I nod, trying my best to look concerned, and while I’m nodding I’m praying the person who has been in the lavatory for a very long time will finally walk out. Please walk out! When they don’t walk out, I say, “Sometimes it takes some people a little longer than others.” Because it does. I mean it took me two years to even use the thing. For real.

“Can you at least knock on the door to make sure they’re alright?”

I take a deep breath, wondering why you can’t knock on the door yourself, because we both know you don’t really care whether or not they’re alright in there and I’m not the one who needs to use the loo, but I go ahead and do it anyway – knock knock, knocking my knuckles against the hard, cold door, and that’s when I hear a powerful flush.

I smile and state the obvious, “They should be out in a second.”

Suddenly the door swings opens and the passenger walks out. As the passenger passes you by, you think to yourself, surely they weren’t doing that, because they just don’t look like the type to do that – at least not on an airplane. So you play it safe, holding your breath as you walk inside, locking the door behind you. Hoping for the best, you finally exhale, and strangely there is no odor. You can’t believe it. Grabbing a paper towel, you wonder just what that passenger was doing in the bathroom for all that time.

Well I think I know. I’ve even got the photos to prove it. While working on my last Galley Gossip post about trusting fear (on and off the airplane), I needed to find a photograph of the lavatory to go along with it, so I logged onto Flickr.com and typed the words LAVATORY AIRPLANE and BATHROOM AIRPLANE into the search bar. I could not believe what popped up. In fact, I’ve already told everyone I know all about what I found. I had to tell someone!

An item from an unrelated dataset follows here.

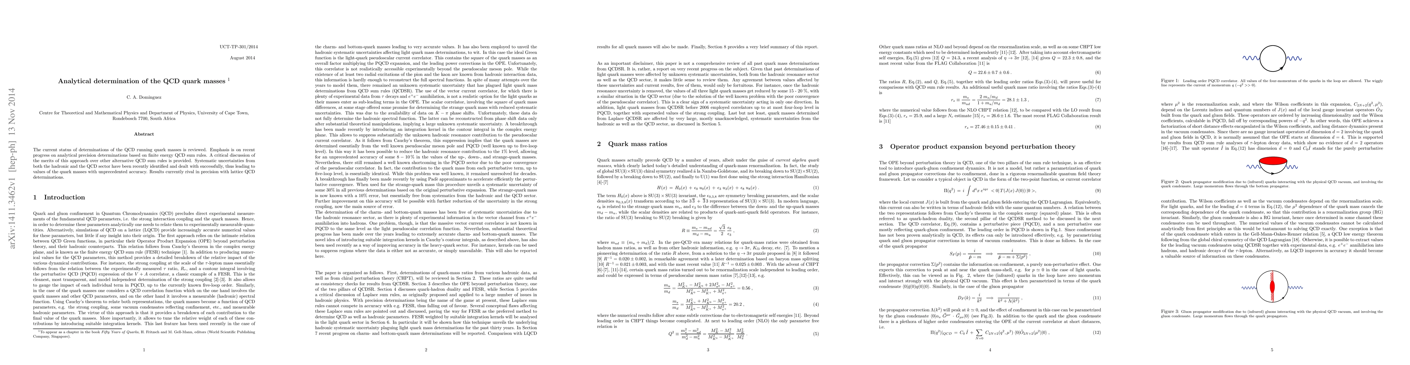 This paper reviews recent advancements in the analytical precision determination of QCD quark masses using finite energy QCD sum rules, highlighting the approach's advantages over other methods. The study addresses systematic uncertainties, achieving unprecedented accuracy that rivals lattice QCD determinations.
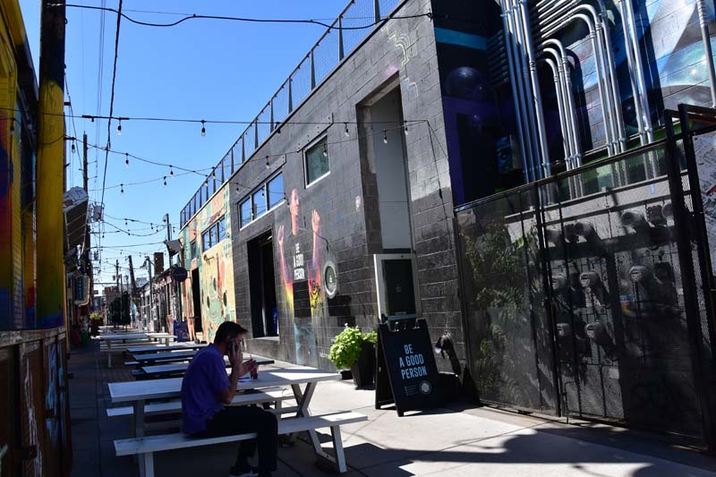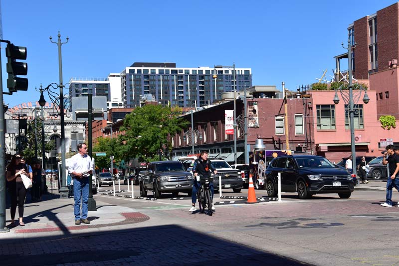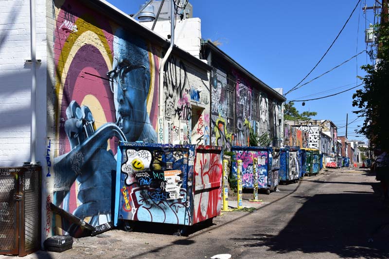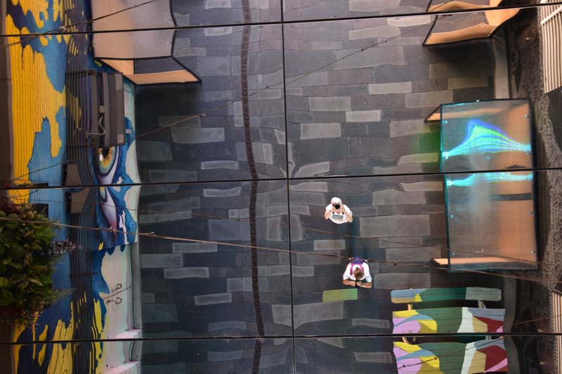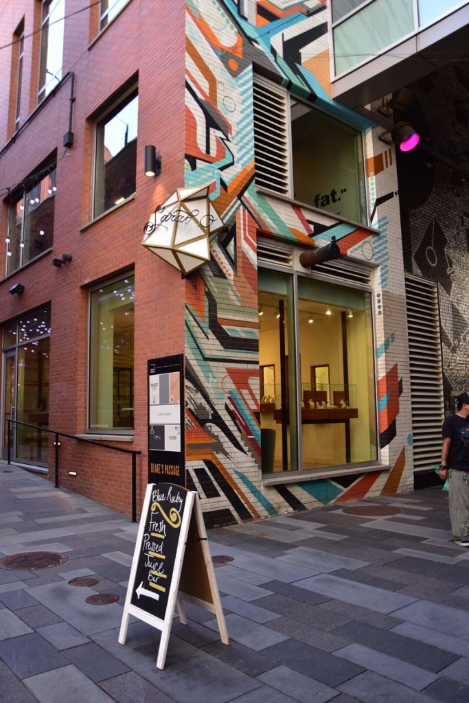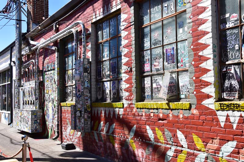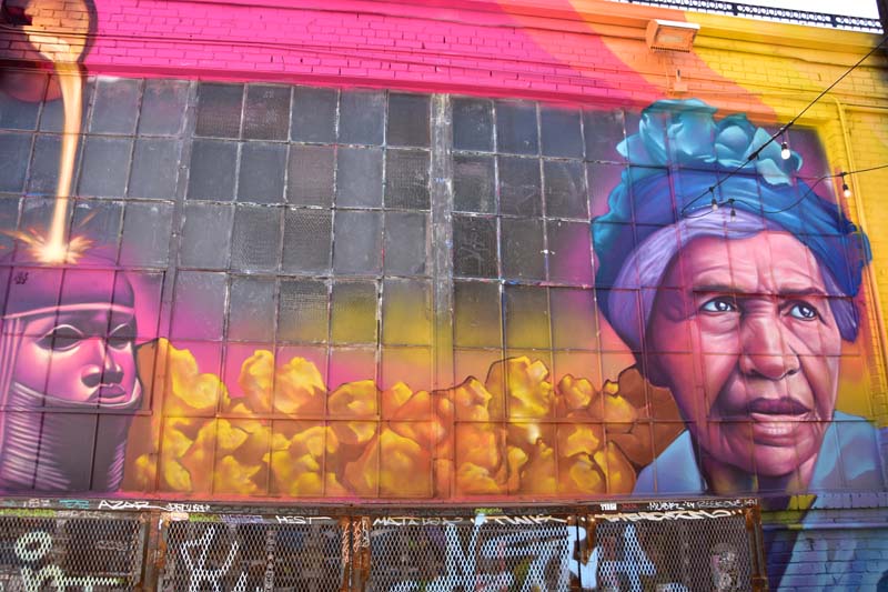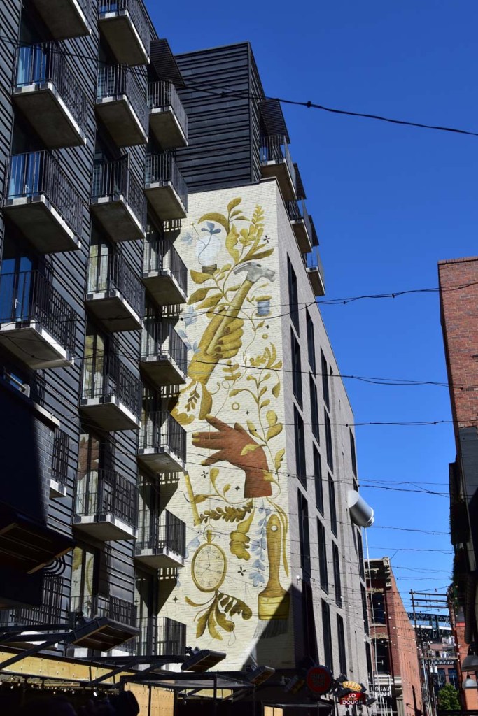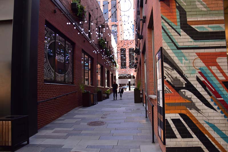 C’est donc par la 17ème rue que nous sommes allés jusqu’à la gare, Union Station, qui se situe dans le quartier de Low Downtown. Elle a ouvert ses portes en 1881. La structure d’origine a été détruite par un feu en 1894 et fut ensuite reconstruite dans le style Beaux-Arts. Le hall est agréable et l’on en a profité pour prendre un peu de repos après nos 2km500 de flânerie. Nous nous sommes adressées à un vieux monsieur, qui était manifestement là pour proposer des « tours » et des excursions, pour savoir s’il y avait des bus qui nous permettent de nous rendre dans le quartier du Street Art… Il a été vraiment adorable et a cherché partout pour nous trouver quelque chose (mais qui était tellement compliqué que nous avons finalement marché🚶‍♀️‍➡️). Mais il nous a donné une carte détaillée et surtout, nous a indiqué des endroits sympa à voir… dont le Dairy Block (le « bloc » du laitier) que nous avons adoré. C’est une petite ruelle très animée et décorée de partout !

So let me be the first to tell you that something very strange and disturbing, yet quite intriguing, is going on behind that locked lavatory door. Passengers, and I’m talking all kinds of passengers, are photographing themselves in the bathroom. What I want to know is how long has this been going on? And why didn’t anyone ever tell me? You’d think I would have seen all those cameras going into the bathroom! Oh you better believe I’ll be taking my own self portrait in the lav on my next flight to New York on Wednesday. Until then, check out these interesting shots..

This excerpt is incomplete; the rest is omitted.